Despite its importance, the topic of amniotic fluid and its disorders remains relatively poorly understood. Problems related to the amniotic fluid during pregnancy are still being studied. Just recently, researchers looked at cases where there was either too much or too little amniotic fluid [28,29]. They wanted to identify factors that could increase the risk of these issues and see how they affected both the mother and the baby [30]. They found that a significant number of women had either too much or too little amniotic fluid. Factors such as the mother’s weight and diabetes were linked to these problems, while age, education, and the number of previous pregnancies were not. They also found that the amount of amniotic fluid affected when and how the baby was born, but it did not directly impact the baby’s health. The study highlights the need for more research with larger groups of women to better understand amniotic fluid problems and their effects on pregnancy.
Despite the protective role of the amniotic fluid, various external events can induce physiological changes and affect the fetus in different ways. The specific impacts may vary based on factors such as the type and intensity of external trauma, and the fetus’ position within the womb, aspects that are not explored in this study. In essence, this research underscores the mitigating role of the amniotic fluid in shielding the fetus during certain external boundary conditions and showcases the potential of computational simulations in shedding light on amniotic fluid dynamics and its contribution to fetal protection.

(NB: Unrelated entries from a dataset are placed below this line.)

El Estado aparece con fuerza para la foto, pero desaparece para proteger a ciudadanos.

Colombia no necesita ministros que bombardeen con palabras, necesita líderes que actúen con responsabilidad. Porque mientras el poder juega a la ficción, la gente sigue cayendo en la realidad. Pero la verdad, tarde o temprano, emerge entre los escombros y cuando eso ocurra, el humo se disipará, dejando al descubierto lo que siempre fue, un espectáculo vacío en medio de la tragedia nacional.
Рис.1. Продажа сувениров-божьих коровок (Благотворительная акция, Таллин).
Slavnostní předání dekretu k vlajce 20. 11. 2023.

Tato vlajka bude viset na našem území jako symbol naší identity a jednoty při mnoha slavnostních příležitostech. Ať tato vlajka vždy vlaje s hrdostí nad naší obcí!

While the amniotic fluid plays a crucial role in protecting the fetus by acting as a cushion and mitigating the effects of sudden movements, it has limitations in shielding the fetus when faced with violent and rapid traumatic events that can occur during traumas. These biomechanical stresses and the potential displacement resulting from trauma can influence the overall well-being of the fetus, thus emphasizing the importance of managing traumas effectively during pregnancy and the need for further research on protective mechanisms for high-impact situations.

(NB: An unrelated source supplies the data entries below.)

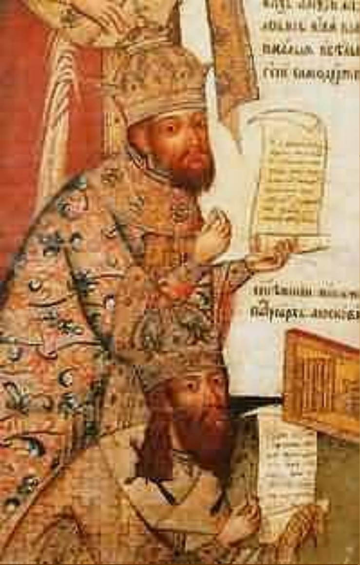
«Патриарх Никон и Алексей Михайлович»

Годы патриаршества Никона были временем искренней и тесной дружбы царя и патриарха. Первые годы патриарх Никон и царь Алексей Михайлович сообща решали все важнейшие дела как церковной, так и государственной жизни. Царь непременно участвовал во всех Соборах Церкви, а Патриарх – в Боярской думе. В 1654 году, отправляясь в поход на войну с Польшей, царь оставляет вместо себя Патриарха Никона, а, вернувшись с войны, царь жалует Патриарха титулом «великий государь». Тем не менее, между Патриархом и Алексеем Михайловичем существовало очень чёткое разделение ответственностей и обязанностей.
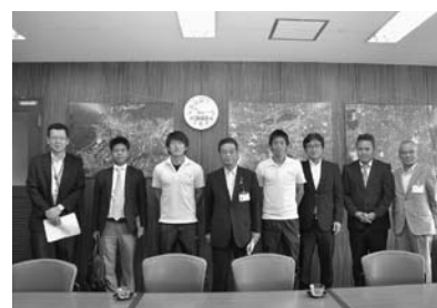
▲9/18 高知UトラスターFCが四国リーグ優勝報告 (市役所)
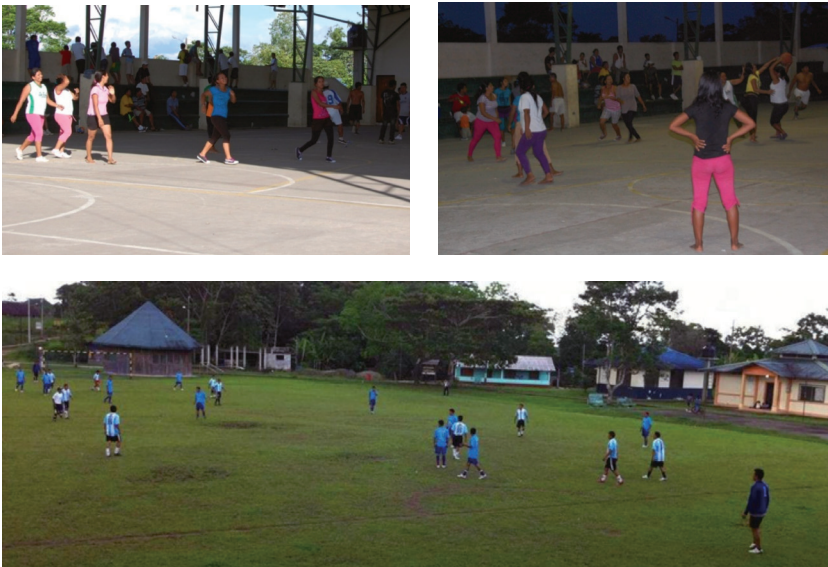
Image 1. Sport activity in Limoncocha. Above: Women playing basketball (center of Limoncocha, January 2012). Below: Men playing football (center of Limoncocha, April 2012)

refer themselves. It creates a deep connection between the individual and the community. Any cultural and economic issue is focused and considered with reference to the community – not to the individual. Community becomes the real space of activity and carries out the essential role in defining and shaping its members' identities. By the term of “communitarian spirit” we mean a specific atmosphere which may be observed in public space, in decision-making situations, and in everyday activities – a spirit that indicates an emotional attachment to one's own community and placing the community in the foreground.
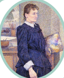
Anna Boch in her Atelier by Theo van Rysselberghe

Belga festőművész. Ő volt a Les XX művészcsoporthoz egyetlen női tagja.
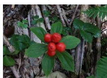
ゴゼンタチバナ(実)

Our findings indicate that maternal traumas can exert significant biomechanical stress on the developing fetus, with particular emphasis on contact pressure, shear stress, and physical displacement within the amniotic fluid environment. Despite the protective role of amniotic fluid, the intensity and rapid succession of traumatic forces during traumas suggest a potential for adverse fetal outcomes. This underscores an urgent need for improved therapeutic interventions aimed at mitigating these risks.
Furthermore, our study highlights the intricate interplay between the protective properties of the amniotic fluid and the dynamics of maternal traumas, pointing to a paucity of research in this domain. New strategies are required to enhance fetal safety in expectant mothers, which may include advancements in prenatal care. The need for an interdisciplinary approach combining obstetrics, neurology, and pediatric care is evident, and our work contributes to the body of knowledge that will inform future research directions and clinical practices.

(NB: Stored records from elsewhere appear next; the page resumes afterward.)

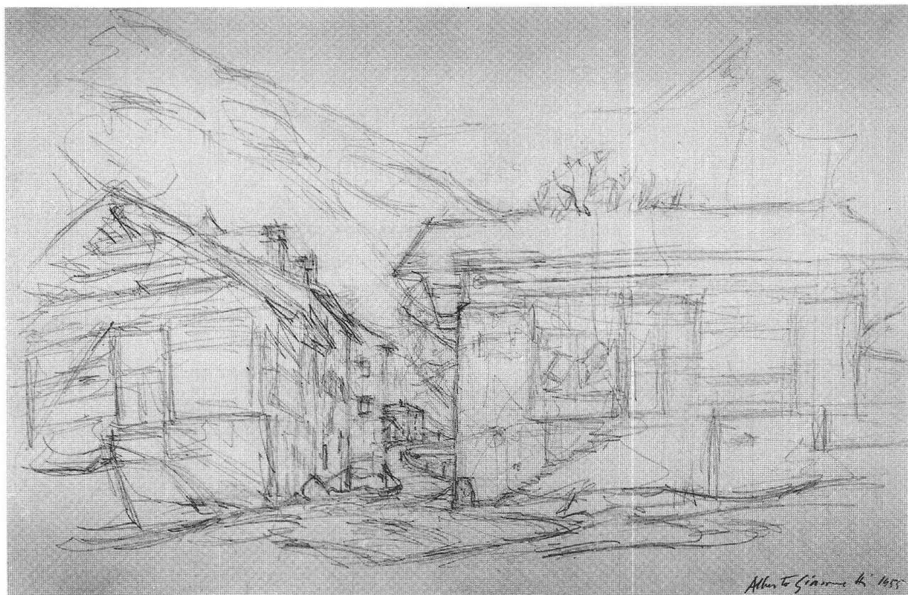
Stampa, 1955, collezione privata

sentita come nefasta, dato che lo cacciava dal suo «Paradiso» per sua colpa, gli si manifestò. E queste pagine svelano pure ch'egli aveva compreso, tramite un'alta pietra nera scorta nel bosco un giorno in cui s'era allontanato dal perimetro dei giochi, che avrebbe dovuto vivere come quella pietra si ergeva là, sola, nuda. Giacometti aveva troppo amato vari aspetti della sua pristina condizione per desiderarne del tutto un'altra e sostituirla; si sarebbe dunque trovato ad assumere la propria lucidità, la propria critica, la propria libertà, come cause di miseria, ma accedendo in cambio – ed ecco il primo punto da tener presente – ad un'esperienza tutto sommato diretta dell'essere, che normalmente si dissimula sotto le diverse maniere in cui l'esistenza è vissuta.
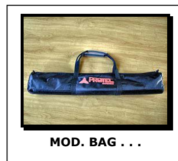
MOD. BAG . . .

Strong nylon water-resistant hand bag for Protel antennas type ARL , ARY , AR with big pockets for accessories and manual.
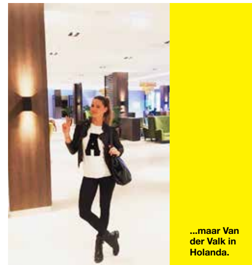
...maar Van der Valk in Holanda.
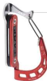
Kilo Mousqueton porte matériel Charge de travail max: 20Kg Résistance: 1.5kN
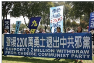
6月2日，美洛杉矶集会游行
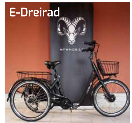
E-Dreirad Modell „Tri-Velo“ 2.599 €
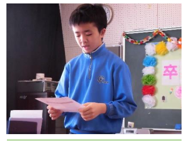
来年がんばりたいこと
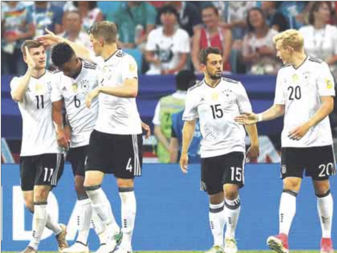
La selección campeona del mundo enfrentará a México en las semifinales de la Copa Confederaciones el próximo jueves.

Alemania es líder del sector B con siete unidades y el jueves en ese mismo estadio se medirá al Tricolor, rival contra el que ya disputó un tercer lugar de Confederaciones en 2005 con triunfo teutón
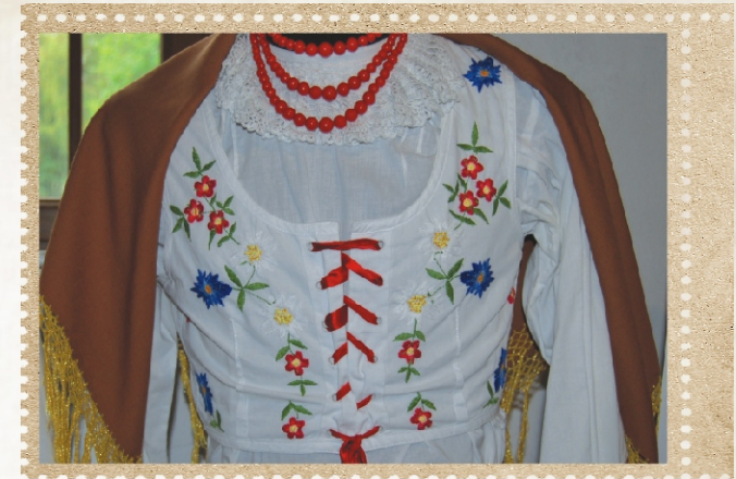
Rekonstrukcja stanika zagłębiowskiego

Kilka lat temu podjęliśmy w Muzeum próbę odtworzenia stroju zagłębiowskiego. Efekty tej próby, jak i oryginalne stroje używane przez Koło Gospodyń Wiejskich, możemy oglądać na wystawie etnograficznej. Od razu widać, że ubiory te różnią się od siebie. Skąd więc taka rozbieżność w wyglądzie strojów zagłębiowskich? Czy możemy w ogóle wyróżnić jeden typ stroju dla naszego regionu? Bliskie sąsiedztwo
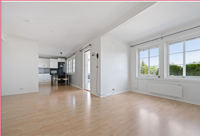
Stue med delvis åpen kjøkkenløsning - peis
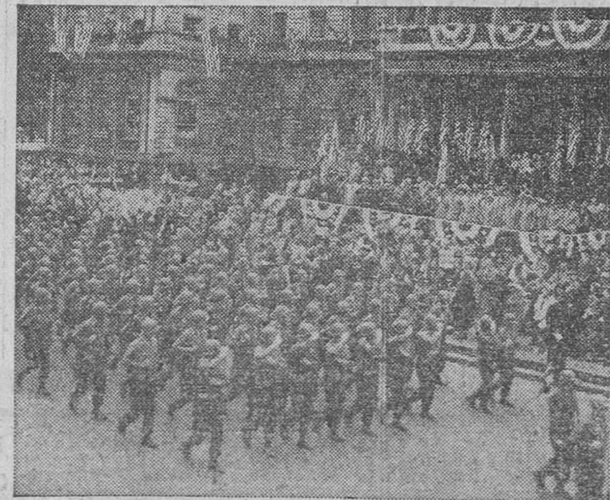
Soldados de la IV División de Infantería norteamericana desfilan por las calles de Nueva York antes de trasladarse a Europa para reforzar los efectivos militares del Pacto del Atlántico.
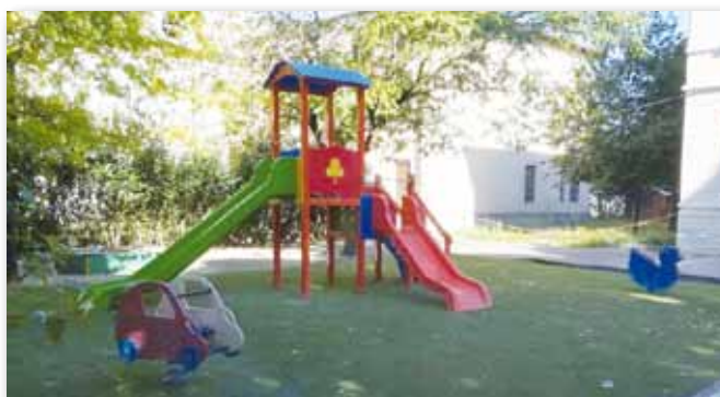
Ultimata la sistemazione dell'area gioco della Scuola dell'Infanzia di Maragnole. Investimento: € 11.900.
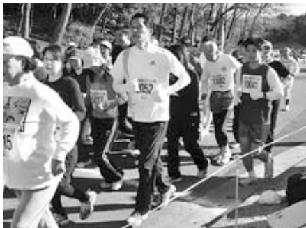
陶芸のマラソン大会に参加、スタート風景

や責任ある経営を行っていただきたいです。本市も空港をいかに有効に活用するかを考え、地域活性化に取り組みなければなりません。たとえば、韓国ソウル付近の焼物の街イチョンとの陶芸交流や国際交流、市内観光施設やゴルフ場への外国人誘客、茨城空港周辺地域資源推進連絡会等との取り組みを通して、地域経済へのプラス効果を導き出してまいります。
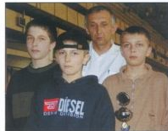
Ekipa ze Szkoły Podstawowej w Malcu była druga.
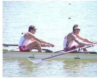
6 - R2
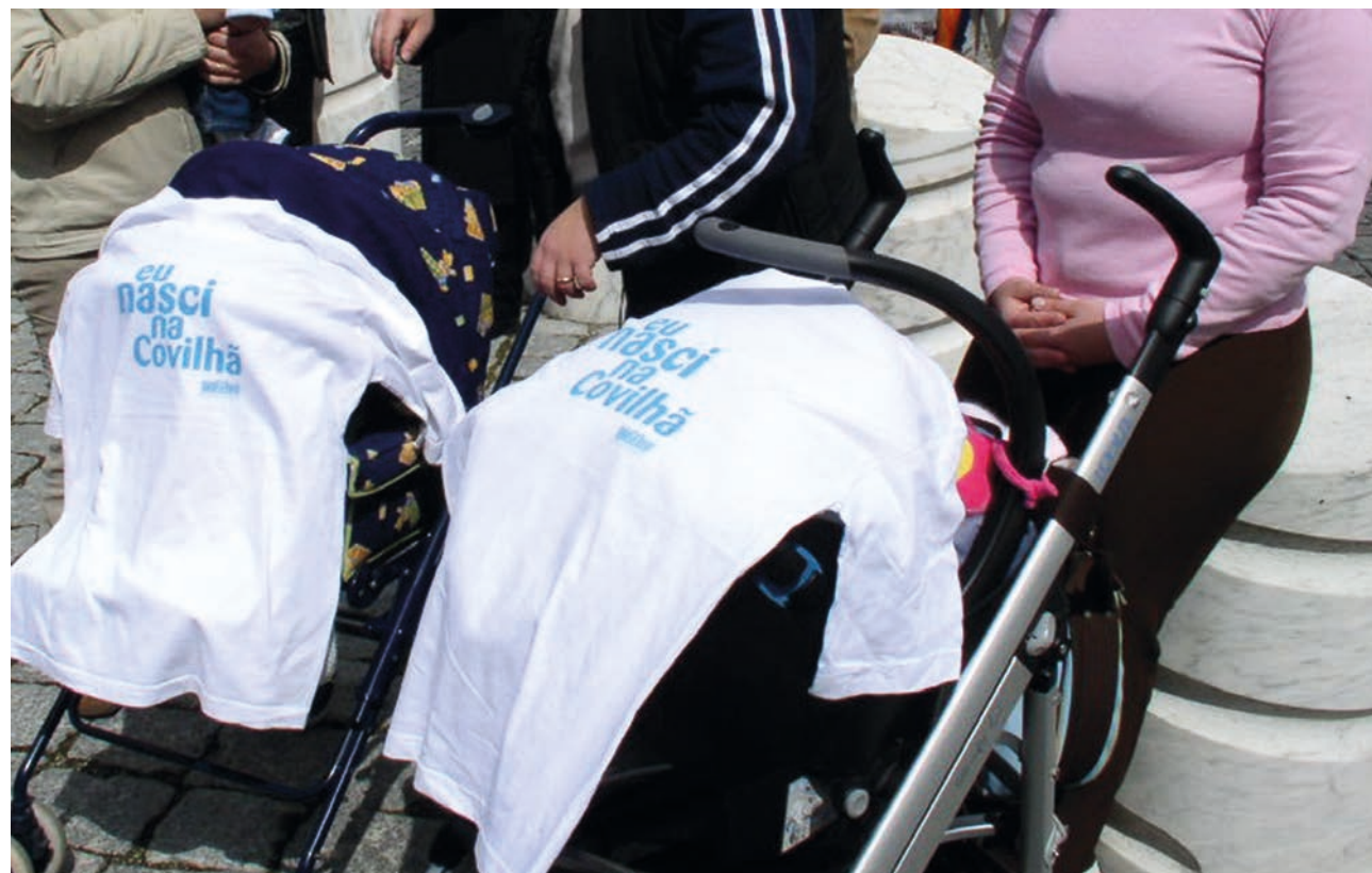
No primeiro trimestre deste ano nasceram na Guarda 135 bebés, em Castelo Branco, 231

Apesar da recuperação, este é o segundo primeiro trimestre do ano com um

The limitations of the approach taken in this study using simulations to investigate the effects of maternal traumas on fetal dynamics could include the following. The computational models, even though advanced, may not fully capture the complex physical interactions between the amniotic fluid and the fetus during actual trauma events. Simulations are based on experimentally acquired boundary conditions, which might have limitations in their accuracy or may not cover all possible scenarios experienced in clinical settings. The study is constrained by the paucity of similar published research, which limits the ability to validate findings against a broad spectrum of existing studies. While the models provide insight into stress distribution and fetal displacement, they cannot fully predict clinical outcomes or account for biological variability among individual pregnancies. This study points to the need for further research to assess the efficacy of protective mechanisms during traumas in pregnancy, indicating an awareness that the current understanding and available solutions are limited. Hence, despite the limitations, the study represents a step forward in understanding the biomechanical effects of maternal traumas on fetal dynamics and sets the stage for future research and potential clinical applications.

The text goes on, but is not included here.